In Zeiten, in denen alle irgendwie herumeiern und keiner weiß, wie es weitergeht, möchte man wenigstens auf der Leinwand Leute sehen, die es draufhaben

Kolumne von Josef Grübl

Es war einmal vor langer Zeit, also 1999. Da kam ein Film in die Kinos, dessen Helden so aussahen, als würden sie ständig zwischen Priesterseminar und Sadomaso-Keller hin und her pendeln. Abgesehen davon zeigten sie sich recht entscheidungsfreudig, sie konnten sogar abgefeuerten Pistolenkugeln ausweichen: Pffft, pffft, pffft - ätsch, nicht getroffen. Sie kennen den Film, er heißt "Matrix" und hatte nebenbei auch Auswirkungen auf die Sauberkeit deutscher Multiplexe: In den Jahren danach schleiften so viele Menschen ihre bodenlangen Matrix-Mäntel durch die Kinofoyers, dass Popcornbrösel wie von selbst darin verschwanden und die Kehrmaschinen nichts mehr zu tun hatten.

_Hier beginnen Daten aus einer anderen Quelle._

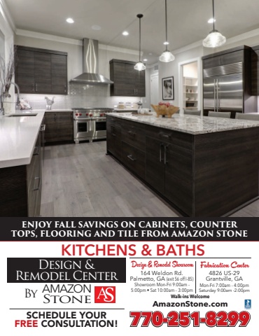 AmazonStone.com770-251-8299 SCHEDULE YOUR FREE CONSULTATION!Showroom Mon-Fri 9:00am - 5:00pm %u2022 Sat 10:00am - 3:00pm164 Weldon Rd. Palmetto, GA (exit 56 off I-85)4826 US-29 Grantville, GAMon-Fri 7:00am - 4:00pmSaturday 9:00am -2:00pmFabrication CenterKITCHENS & BATHSDesign & Remodel ShowroomBy AMAZONStoneDesign &Remodel CenterWalk-ins Welcome ENJOY FALL SAVINGS ON CABINETS, COUNTER TOPS, FLOORING AND TILE FROM AMAZON STONE

Auch der beschriebene Ausweich-Effekt blieb nicht ohne Folgen, in Hollywood bauen sie ihn seitdem serienmäßig in ihre Filme ein. Aktuell fliegen die Zeitlupenkugeln durch den Batman-Superman-Schmarrn "Justice League" oder den neuaufgelegten Nahtodthriller "Flatliners". Das ist zwar nicht unbedingt originell, immerhin aber wirken die Filmhelden standhaft und zu allem entschlossen.

Und genau darauf kommt es an: In Zeiten, in denen alle irgendwie herumeiern und keiner weiß, wie es weitergeht, möchte man wenigstens auf der Leinwand Leute sehen, die es draufhaben - Checker, Durchzieher, Typen mit Plan A. In Sachen Planlosigkeit muss man ja gar nicht erst ins Bundeskanzleramt oder in die CSU-Zentrale schauen; es reicht völlig, bei sich selbst anzufangen. Wenn ich mir etwa meine Entscheidungen der letzten Zeit ansehe, kann ich nur mit Mühe einen Plan erkennen, es ist ein ständiges Abwägen und Verwerfen, mal mit mehr, mal mit weniger Sinn. Damit gehöre ich wohl zu dem Teil der Menschheit, die man als Ausweicher bezeichnet (mit Pistolenkugeln hat das allerdings wenig zu tun). Etwas optimistischer formuliert: Es ist nie verkehrt, einen Plan B zu haben. Klingt nicht besonders heldenhaft, schon klar, hat aber Vorteile. Denn mit einer gewissen Gelenkigkeit im Umdenken entdeckt man mehr oder verhindert zumindest Schlimmeres.

Für gestresste Großstädter ist so eine Vorgehensweise sowieso empfehlenswert; wenn nicht alle gleichzeitig mit ihrem Schädel durch die Wand wollen, lebt es sich selbst in einer vollen Stadt wie München halbwegs angenehm. Wer beispielsweise nicht bei jeder Premiere an vorderster Front dabei sein muss oder den neuen "Star Wars"-Film auch tagsüber sehen kann, hat ein deutlich entspannteres Leben. Und wer sich darüber hinaus noch für etwas anderes als Lichtschwerter und Jedi-Ritter interessiert, hat sowieso gute Karten: Mit Filmkunstperlen wie The Square, Maudie, The Big Sick, Die kanadische Reise oder The Killing of a Sacred Deer (von 28. Dezember an) weichen Sie den Sternenkriegern elegant aus. Dabei sind diese Filme keinesfalls Lückenfüller, sondern allererste Wahl.